Ces derniers jours, ont augmenté la pression diplomatique et l'inquiétude internationale sur le sort de ceux qui sont piégés dans la zone de combat, mais le gouvernement sri-lankais semble déterminé à finir le LTTE militairement, la lutte pour plus de 25 ans pour obtenir une Etat indépendant pour la minorité tamoule.

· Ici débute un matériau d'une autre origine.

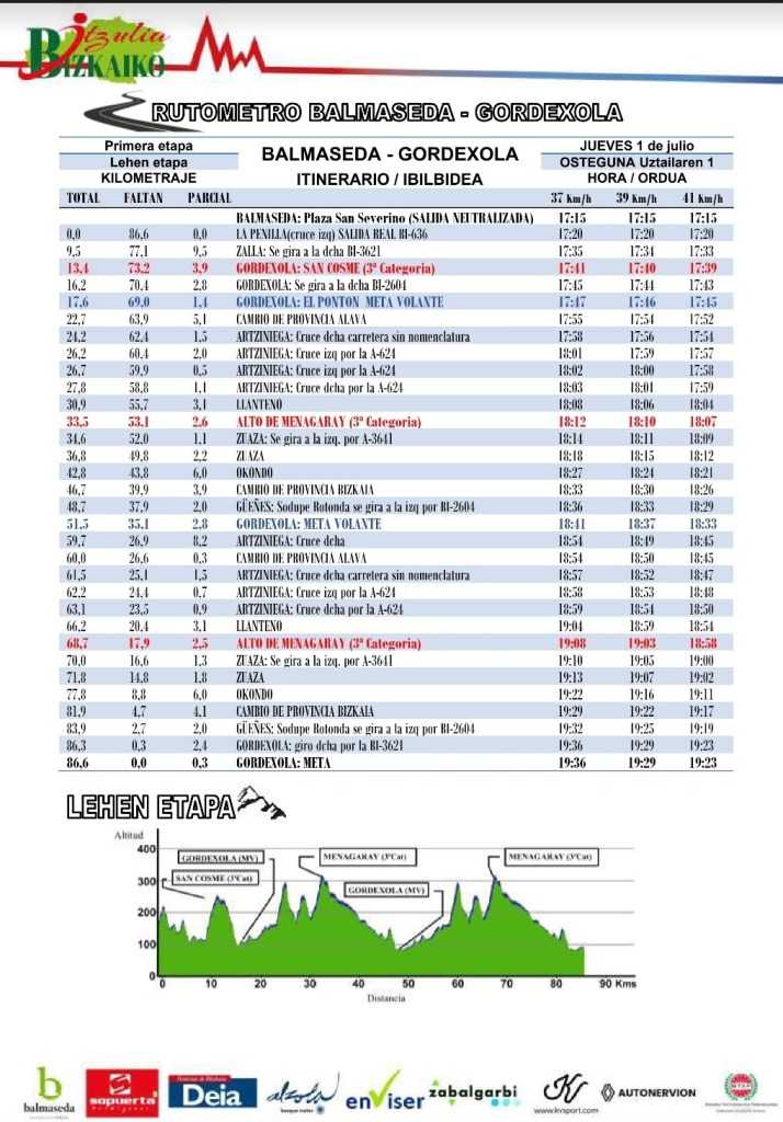 La primera etapa como es habitual comenzará en Balmaseda para ir a Gordexola y realizando por partida doble el circuito de Gordexola, Artziniega, Menagaray Okondo para volver a Gordexola, tras realizar 86.6 kms. Como en ediciones anteriores el punto caliente será Menagaray y las dos rampas previas, que romperán el pelotón para presentarse en meta un grupo de 40 o 50 corredores. A las 17.15 horas se dará el pistoletazo de salida.

Quelques heures avant l'annonce de la guérilla, l'armée a dit en fait l'avant-dernier qui rendent les gens aux mains des rebelles, des Valayarmadam et la capture de 23 guérilleros présumés, le "sauvetage" d'environ 700 civils et tué 12 rebelles dans un bataille navale.
"Ils ont environ 500 guérilleros, qui a également habillés en civils afin de ne pas faire la distinction. Ils sont seulement 6 kilomètres carrés », a déclaré par téléphone Efe porte-parole militaire Udaya Nanayakkara.
Convaincu de sa victoire, le gouvernement d'aujourd'hui a également rejeté une demande de États-Unis, UE, Japon et la Norvège, la soi-disant "Quatuor de Tokyo" - d'offrir une amnistie aux guérilleros, qui ont demandé de se rendre à un tiers partie.
"Il n'y aura pas d'amnistie pour les LTTE. Ils devront se rendre ou faire face à l'enlèvement par les forces sri-lankais, "il a été cité par différents moyens à la secrétaire à la Défense Gotabhaya Rajapaksa.
Dans un côté très différent, la stratégie de combat est considéré par les analystes comme une des clés de la victoire écrasante d'aujourd'hui a été la décision Alliance du peuple pour la liberté-Unis (UPFA) aux élections régionales dans l'Ouest, y compris la capitale, Colombo.